Batallán plays on Herseth’s old trumpet, and Pokorny plays on Jacobs’ tuba. And the whole horn section plays the same make — Lewis horns, constructed by a Chicago craftsman — which helps their sound blend.

“That’s what we’re talking about right there,” Friedman said, after listening to three pulse-quickening brass chords in Fritz Reiner’s 1956 recording of Strauss’ “Symphonia Domestica.” “Other orchestras might ease into those chords. It would be great for that style — but that’s just not our style.”

The first time Cooper heard Georg Solti’s 1971 recording of Mahler’s Seventh Symphony, he said, was on an iPod while snowboarding.

“I was just bombing down the mountain, and I was like, yeah!” said Cooper, who noted that, in addition to its thrilling power, it also captures the delicate, varied phrasing of Clevenger’s horn playing. “I’ve never been more pumped. Just so much energy behind it.”

Solti was famous for pushing for a big brass sound — sometimes too big.

“When Solti came, at first he could not get the brass section to play loud enough for him,” Friedman recalled. “Even on a Schubert symphony.” Pokorny recalled a violist in the orchestra, Max Raimi, joking that some Solti recordings “reduced the string section to tape hiss.”

But after critics began to complain, Solti dialed it back, in what Friedman called “the great diminuendo.” Near the end of Solti’s tenure, he said, a recording of Verdi choruses was stopped when the recording engineer had a novel complaint: He couldn’t hear the brass.

“You can hear all the attacks,” Batallán said, referring to the decisive way each note is struck in Leonard Bernstein’s 1988 recording of Shostakovich’s Seventh Symphony. “It’s a pure sound, with a clear attack.”

Pokorny said that when he started in Chicago, one of his first conductors was a guest, Leonard Slatkin, for whom he had played in the St. Louis Symphony Orchestra. “I went to him,” Pokorny said, “because he knew the Chicago sound, and he knew the St. Louis sound, and I said, ‘What do I have to do to my St. Louis sound to match here?’ And he said that what you really have to do is put a lot of front-end on the note.”

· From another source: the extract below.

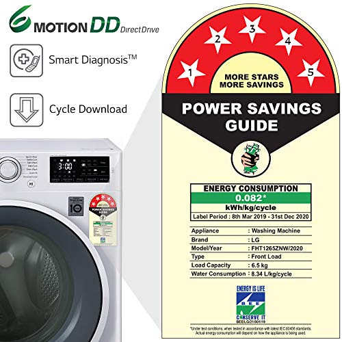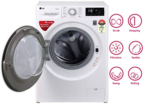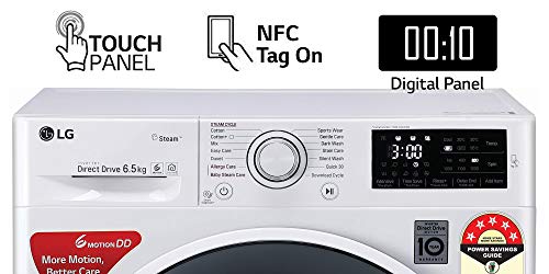 LG FHT1265ZNW Front Load washing machines with 6 Motion Direct drive enables different Wash Programs for effective wash quality. The machine smartly senses fabric types & offers different washes for different types of clothing. Also with NFC option now you can download customized wash programs from tons of options in the SmartThinQ app. Allergy Care Feature removes up to 99.9% germs from clothes and sterilises bacteria. Direct Drive technology that eliminates the use of belt and pulley for its operation and gives vibration less & noiseless performance with Silent Wash. It is a smart machine, just need to download LG ThinQ app on your smartphone and you can control the different processes of the machine such as deciding wash programs also update your machine by downloading new program as per new needs and also diagnosis error in case of problems. The auto restart facility ensures that you do not waste time, water, and energy as the machine starts from where it stopped during the power cut. The fuzzy logic checks for the extent of dirt and grease, the amount of soap and water to add, direction of spin, and so on. The machine rebalances washing load to ensure correct spinning. Else, it reduces spinning speed if an imbalance is detected. You can use the time delay function to delay the finishing time of a drying cycle. The maximum time delay is 19 hours, and the minimum time delay is 3 hours.. After the spin cycle the tub tumbles which does not allow the clothes to stick to the walls of the tub. It helps in avoiding the formation of wrinkles on the cloth. Such as underwear, which need no ironing.

“It’s more attack, and less follow-through,” added Pokorny. “It’s probably a product of the hall” — Orchestra Hall in Chicago — “more than anything else, because the hall is pretty dead. And he proved to be right.”

“There’s lots of energy — and you can still hear the chorus,” Daniel Gingrich, who joined the horn section in 1975 and served as acting principal horn for the past six years, said of Muti’s 2010 recording of the Verdi Requiem.

“They are still number one in the world, in my opinion,” Muti said of the orchestra’s brass, “but also able to meld together with the rest of the orchestra. Not to be only dominant, but in a better balance.”

This desire to keep the brasses in balance is now well known. “I’m very sensitive to the hand going up,” Pokorny said.

Friedman quickly chimed in: “Which he rarely does, I have to say. He loves the brass section. Rarely does he give us the hand — only when he absolutely has to.”